The three most common types of skin cancer, Basal Cell Carcinoma (BCC), Squamous Cell Carcinoma (SCC), and Melanoma, are individually addressed in this review of the history and epidemiological evidence of the link between sun exposure and skin cancer. There is strong evidence that sun exposure is the cause of BCC, SCC, and melanoma. The rates of BCC, SCC, and melanoma are higher in fair people who are more sensitive to the sun than in people with darker skin who are less sensitive to the sun. The risk is also higher as the amount of ambient solar radiation increases, with the highest densities on the parts of the body that are most exposed to the sun and the lowest densities on the parts of the body that are not Skin cancer incidence must be reduced if sun protection is to be effective. The epidemiological data suggest that implementing sun protection should avoid increasing intermittent exposure, that sun protection will have the greatest impact if implemented early in life, and that it will probably have an impact later in life, particularly in those who were exposed to a lot of solar radiation as children.

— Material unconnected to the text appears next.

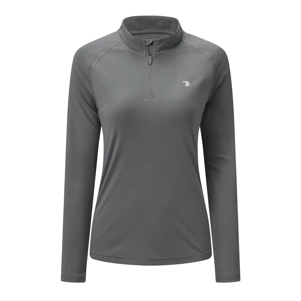 ☀️ BASUDAM Women’s UPF 50+ Long Sleeve Workout Shirt – Quick-Dry Quarter Zip Pullover Athletic Top (Dark Grey, L)

Actinic keratosis is very common, accounting for about 14% of dermatology visits. It occurs more frequently in people with fair skin, and rates vary depending on age and location. The development may also be influenced by immunosuppression, certain phenotypic characteristics, and exposure to Ultra Violet (UV) radiation. To aid in diagnosing which AKs are more likely to progress into cutaneous or metastatic SCC, researchers are examining the role of novel biomarkers. Many different kinds of cancer have MMP (Matrix Metallo Proteinase) upregulation, and it has been found that SCC has higher levels of MMP expression and production in particular. Serpins, peptidase inhibitors, are also being studied for their function. SCC tumor progression in vivo was correlated with SerpinA1 upregulation, which was found to be elevated in the keratinocytes of SCC cell lines. Providers may be able to better assess prognosis and select the most effective treatment options for specific lesions with the assistance of additional research into particular biomarkers.